CRB listing moratorium good chance to review credit scoring

What you need to know:

  • CRBs were created to facilitate the sharing of credit information between licensed financial institutions.
  • Today, they ask you to table your credit score before you can be considered for some key job in the public sector.

  • Yet what we wanted was credible information that banks and lenders could use to price risk.

President Uhuru Kenyatta has suspended listings by credit reference bureaus as part of measures the Jubilee administration has rolled out to cushion borrowers and small-scale businesses from the economic impact of the coronavirus pandemic.

That makes sense. In the first place, millions of these traders, whose businesses have been disrupted by the pandemic, risked defaulting on their loans, consequently being listed by CRBs and hence, locked out of credit.

Indeed, the decision came in the backdrop of publication of statistics showing that the number of borrowers blacklisted by CRBs has been growing by leaps and bounds.

According to a front-page splash in Business Daily on Monday this week, the number of borrowers blacklisted by CRBs stand at 3.2 million. These are mainly small-scale traders who have defaulted on small loans borrowed through their mobile telephones and stand locked out from credit.

Without the suspension, and in view of the fact that many citizens are jobless, the number of individuals and small-scale traders at risk of being blocked from accessing credit was going to balloon into tens of millions.

The most important source of credit to small-scale traders today, and to informal sector workers such as the vegetable hawker, the waiter, the hairdresser, the driver of a delivery van and the matatu tout is the mobile loan.

There is another reason why I find the suspension of CRB listings sensible: I see an opportunity of looking at our CRB framework afresh.

I think that the reason we have ended up with too many of our people being listed and, hence, cut off from credit for long periods is because the drafters of the legal framework wrote the law with only the formal sector in mind.

In 2009, when the framework was drafted, explosion of the mobile loans had not happened. We did not know that small loans repayable on a weekly basis and lent to small business owners and the informal sector would be a big factor.

Does it surprise anyone that CRB regulations stipulate that the name of a defaulter remains on the listing register of the CRB for seven years? That is why CRB databases are clogged with listings of small amounts.

What is the value of keeping the name of a mama mboga who has defaulted on a seven-day-Sh3,000 Tala loan, for instance, on the blacklist for a whole seven years? When this pandemic is over, we will need to consider introducing a threshold of amounts which the CRB system cannot list a borrower as a defaulter.

And there are many consumer protection and customer service issues which need to be looked at afresh.

Woe unto thee if you find yourself in the list of defaulters of a CRB. It does not matter whether it is a technical default or a mistake that is not of your making.

CRBs will not call you to verify a claim by a lender that you have, indeed, defaulted.

And when, as a borrower, you complain about wrongful listing as defaulter, the standard response is to refer you to the lender who reported you in the first place!

When you clear the loan for which you were listed, your removal from listing does not happen automatically.

We have totally bastardised the whole concept of sharing credit information and turned what was supposed to help and give consumers better access to credit into a sword that banks and mobile lenders hold over the heads of our people all the time.

When this pandemic is over, we will need to go back to the reason why we introduced CRBs in the first place.

In the build-up to the 2017 General Election, the front offices of most CRBs looked like marketplaces, bursting with political aspirants seeking to be given a clean bill of health.

The truth of the matter is that CRBs were not created to vet political candidates.

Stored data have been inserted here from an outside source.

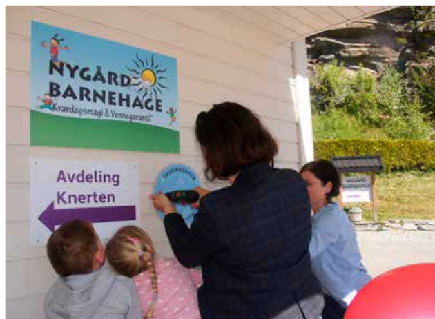
Frå opninga av Nygård barnehage som Trafikksikker barnehage.
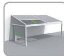
拉古纳®+三角结构+侧面玻 纤结构+Loggiawood®雪松 实木滑动百页门或 Loggiascreen®4fix 玻纤布料滑动门
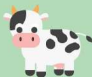
พันธุ์สัตว์
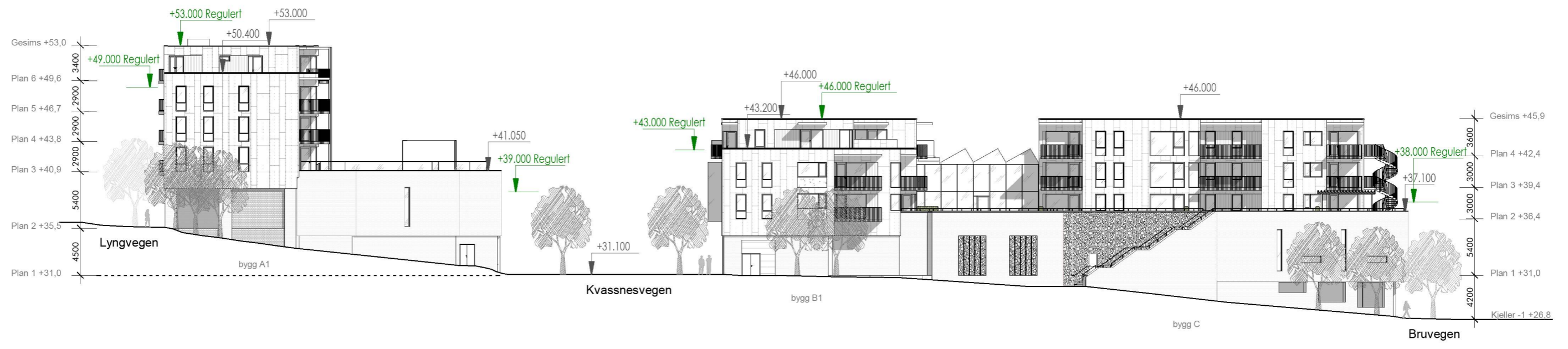
Fasade øst 1:400
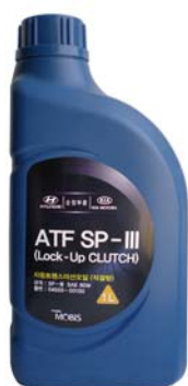
1 л - 04500-00100

Полусинтетическое трансмиссионное масло для большинства четырёх и пятиступенчатых АКПП автомобилей HYUNDAI и KIA. Обеспечивает плавное переключение передач в широком диапазоне температур, обладает стабильностью фрикционных свойств, высокой текучестью при низких температурах, хорошей совместимостью с большинством изделий из металлов и эластомеров, обеспечивает защиту от протечек и износа.
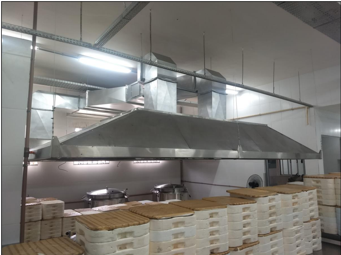
Foto 14 – Sistema de exaustão instalado com acabamento finalizado

They were created to facilitate the sharing of credit information between licensed financial institutions.

Today, they ask you to table your credit score before you can be considered for some key job in the public sector. Yet what we wanted was credible information that banks and lenders could use to price risk. The objective was not to lock the consumer out of the credit market.

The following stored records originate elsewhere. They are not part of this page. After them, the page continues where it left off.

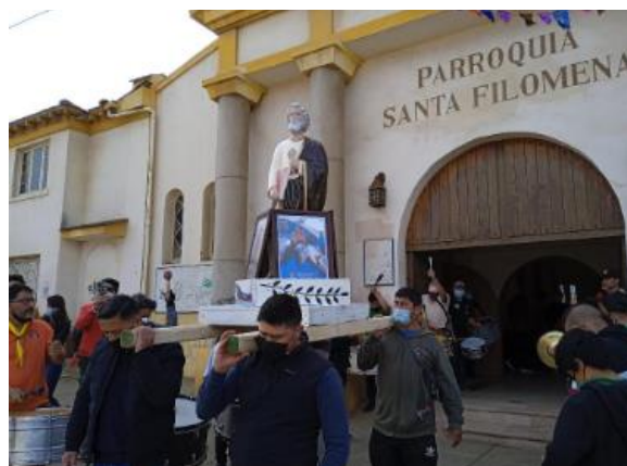
Fiesta de San Pedro

En el mes de junio los pescadores artesanales celebran a su patrono San Pedro con procesiones por tierra y mar. El 2022 la fiesta religiosa comenzó en la mañana con una procesión por las calles céntricas de la comuna y la participación de diferentes Bailes religiosos entre ellos de Coquimbo, Santiago, La Calera, Quillota, Boco, Concón, Horcón, Maitenes entre otros. participaron de esta celebración. Al mediodía se realizó una eucaristía en la Parroquia Santa Filomena. Por la tarde en la caleta de pescadores El Manzano y embarcadero, salen las embarcaciones con la imagen de San Pedro y la Virgen del Carmen, junto a una decena de lanchas y botes en la procesión por el mar. Una procesión llena de color y ritos ancestrales, donde los Bailes Chinos y Diabladas recorren el borde costero danzando al son de pitos y flautas ( https://bit.ly/3d7BkoR ).
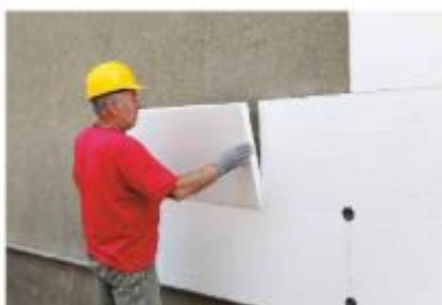
Zunanje stene hiše obložimo s ploščami iz stiropora, da zmanjšamo toplotne izgube. So tudi izolator zvoka.
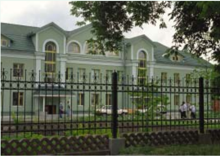
Музей Н.К.Рериха. 27 июня 2004 г.

В последнее воскресенье июня, когда в Новосибирске отмечается День города, Музей Н.К.Рериха проводит ДЕНЬ ОТКРЫТЫХ ДВЕРЕЙ — праздник, ставший уже традиционным. Родился он год назад, в 110-летний юбилей нашего города.
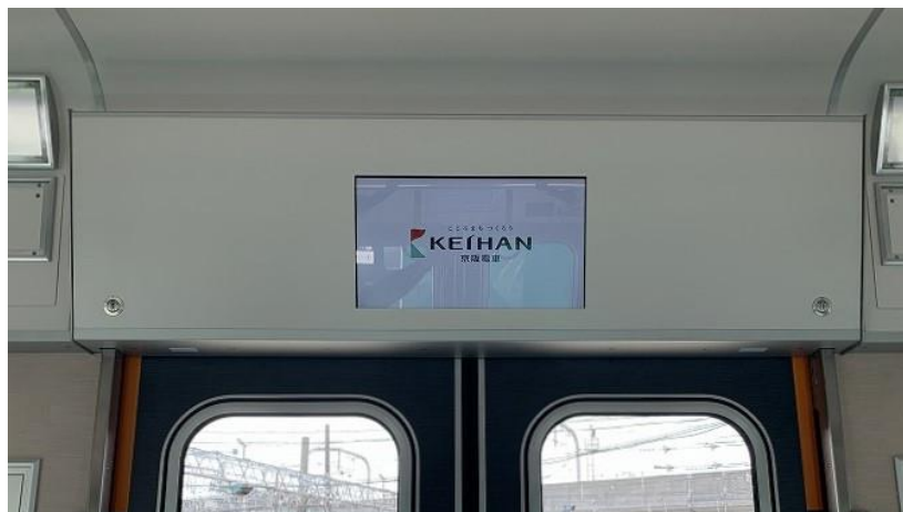
▲車内に設置した広告用デジタルサイネージ
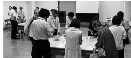
名刺交換会の様子
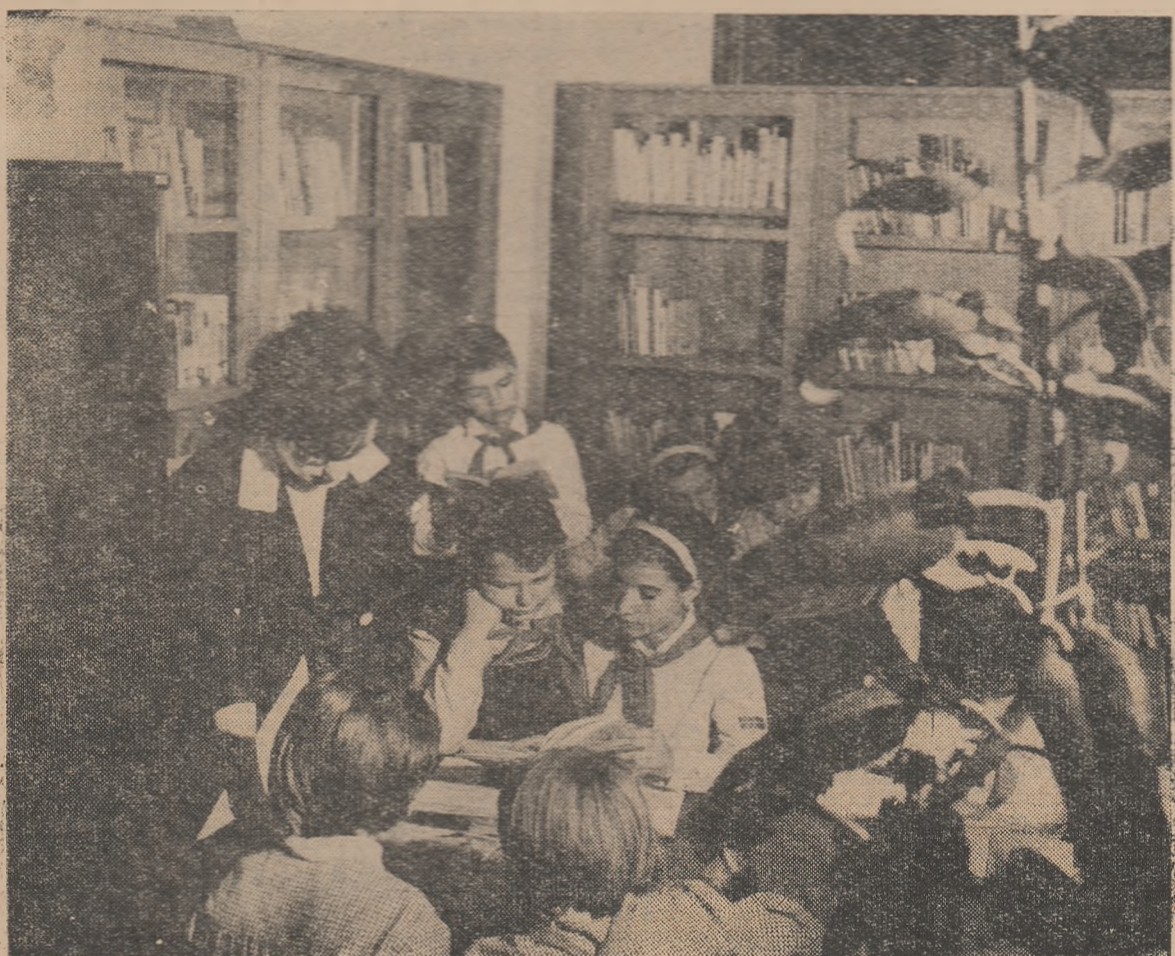
La bibliotecă au sosit noutăți literare
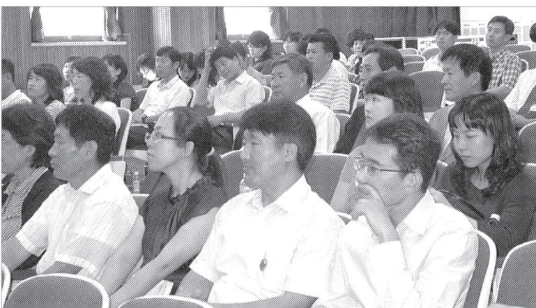
경기도연천교육청은 9월17일 연천군청소년수련관 대강당에서 연천 관내 중학교 교사 전체(108명)를 대상으로 '2007년 개정교육과정'의 현장 적용에 대비한 연수를 실시했다.
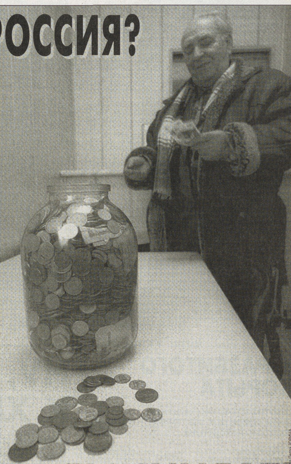
Для малоимущих россиянин самый надежный банк - стеклянный.

Рукотворно для себя и избранного круга создаются анклав с особыми видами финансирования. Вот характерный пример. Руководитель федерального агентства по культуре и кинематографии М.Швыдкой обновил декларацию о доходах на 2005 год. Как глава федерального агентства он заработал 650 тыс. 155 рублей, за чтение лекций в Российской академии театрального искусства - 19 тыс. 370

And isn’t it time we started looking at the viability of CRBs as a business?

Since CRBs are an integral part of the credit market and an important plank in our financial market infrastructure, there is a strong case, indeed, for them to be subjected to some form of prudential regulations as happens with banks.

I say so because the evidence in the public domain appears to point to cases where CRBs are proving to be quite poor at settling their own debts.

We can’t afford to have insolvent CRBs.